### Given data ###
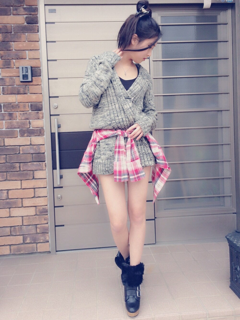 ニットカーディガンをワンピース風に👗 CHANELのピンで前を止めました😘 中は見えないので ショーパンとヒートテックです🙊
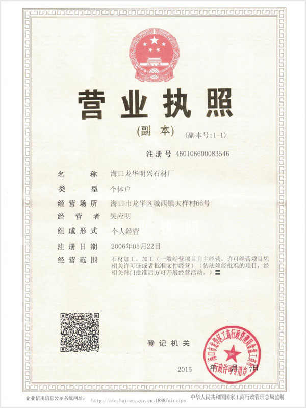 海南中岩石业有限公司营业执照
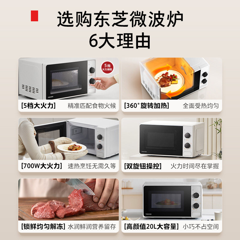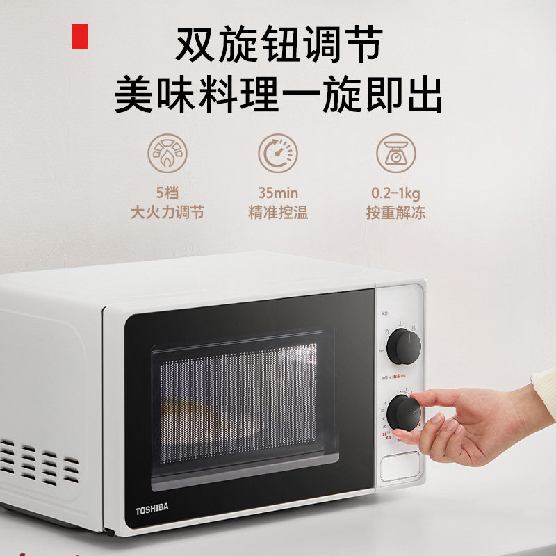 东芝家用多功能微波炉PW小型迷你加热转盘式双旋钮大容量20L官方
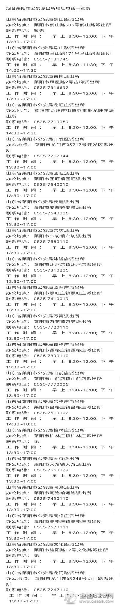 说明:关于山东烟台莱阳市各派出所地址电话一览表的信息作出免责说明,本信息发布的目的仅为向公众提供更多的便民利民服务,是建立在公共服务信息基础上的公益信息传播,其信息来源于当地主管机构的公开内容。信息不排除因随着时间或者相关情况发生原因而发生变化变更,所以本信息仅作参考。
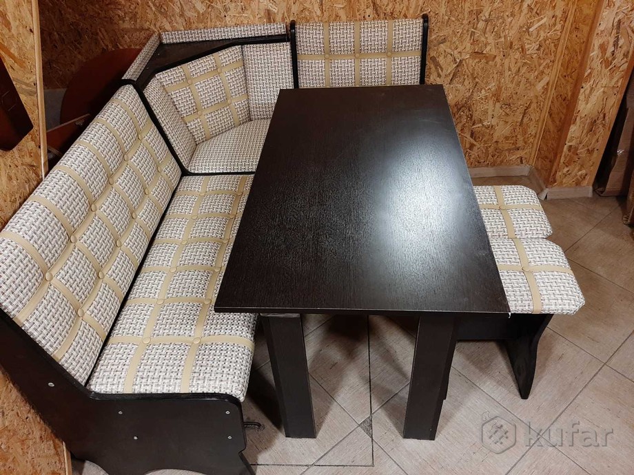 В набор входит угловой диван, стол и два табурета. Возможна продажа по элементам.
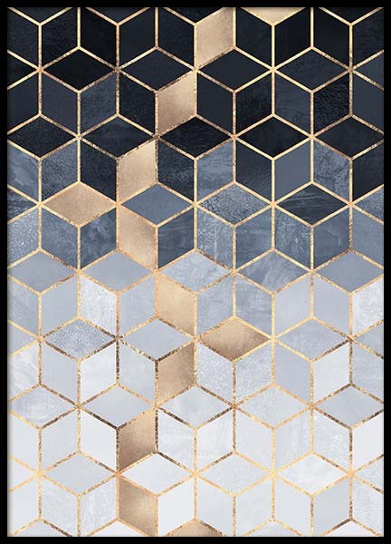 Elisabeth Fredriksson, „Daydream Cubes“ Grafikposter mit Motiv in Grau mit goldfarbenen Komponenten
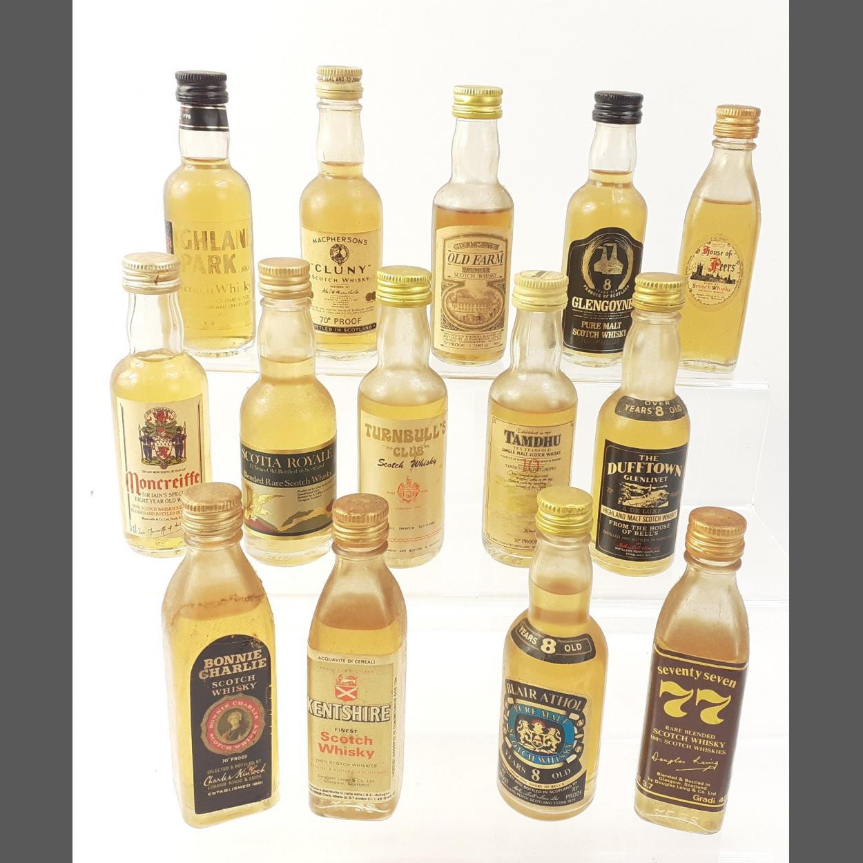 A small selection of 14 interesting whisky miniatures to include McPhersons Cluny, Turnbull's Club, Blair Athol, Moncreiffe, Tamdhu etc.
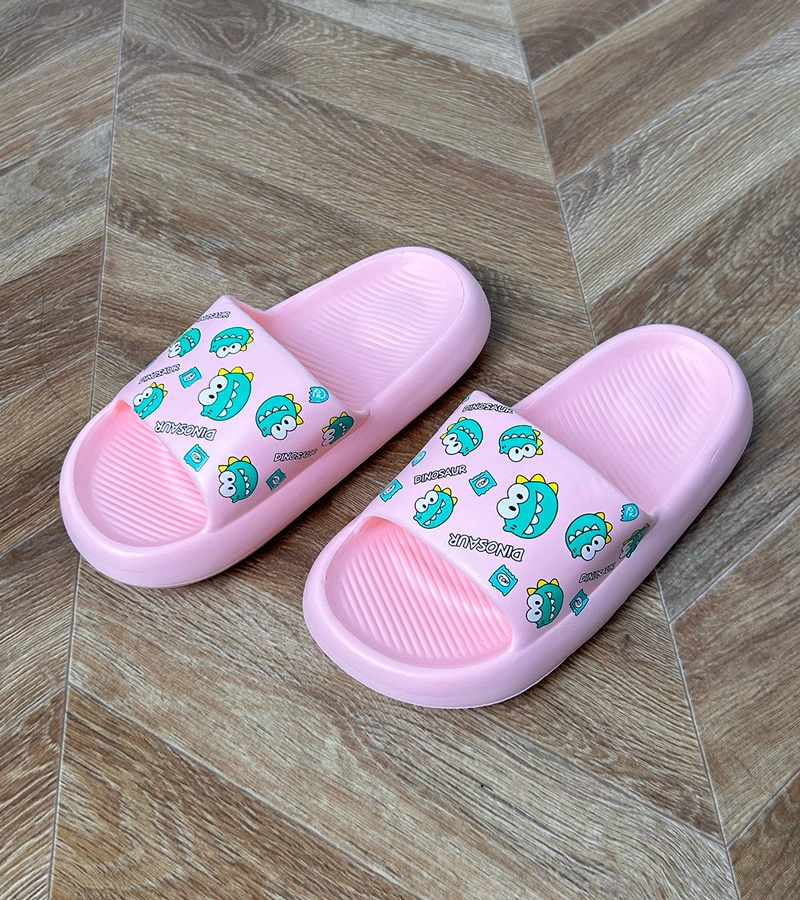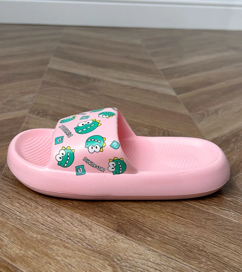 Różowe klapki dziecięce z nadrukiem Dinos
###
> _Task brief_: Every line from the one with "В набор входит" through the one with "Elisabeth Fredriksson, „Daydream" is to be reproduced exactly as written above, and the pictures are to be dropped.

> _Finished task_:
 В набор входит угловой диван, стол и два табурета. Возможна продажа по элементам.
 Elisabeth Fredriksson, „Daydream Cubes“ Grafikposter mit Motiv in Grau mit goldfarbenen Komponenten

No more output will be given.